Data extract:

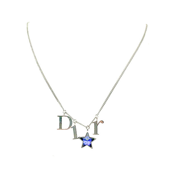 A cool and sassy Vintage Christian Dior spell out charm necklace with electric blue star. Crafted in silver tone metal with blue crystal. In very good vintage condition. A perfect piece from Dior.
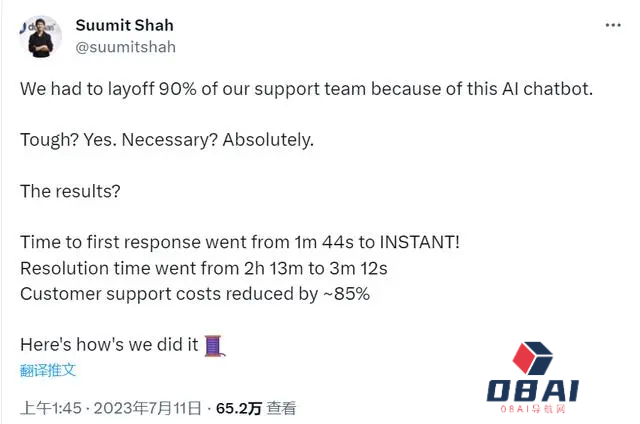 印度电商平台Dukaan创始人兼首席执行官本周一发推特称,在引入AI聊天机器人来回答客户问题后,公司90%的员工已被解雇。他解释说,在引入AI助手后,解决问题时间从之前的2小时13分钟缩短到了3分12秒。他说:“鉴于经济状况,初创公司优先应该考虑的是‘盈利能力’。”
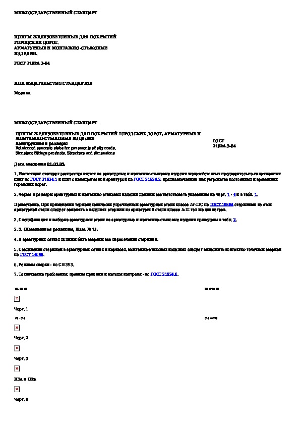 ГОСТ 21924.3-84: Плиты железобетонные для покрытий городских дорог. Арматурные и монтажно-стыковые изделия. Конструкция и размеры

Work required:
Word for word, print the material above, but without its pictures.

Task result:
 A cool and sassy Vintage Christian Dior spell out charm necklace with electric blue star. Crafted in silver tone metal with blue crystal. In very good vintage condition. A perfect piece from Dior.
 印度电商平台Dukaan创始人兼首席执行官本周一发推特称,在引入AI聊天机器人来回答客户问题后,公司90%的员工已被解雇。他解释说,在引入AI助手后,解决问题时间从之前的2小时13分钟缩短到了3分12秒。他说:“鉴于经济状况,初创公司优先应该考虑的是‘盈利能力’。”
 ГОСТ 21924.3-84: Плиты железобетонные для покрытий городских дорог. Арматурные и монтажно-стыковые изделия. Конструкция и размеры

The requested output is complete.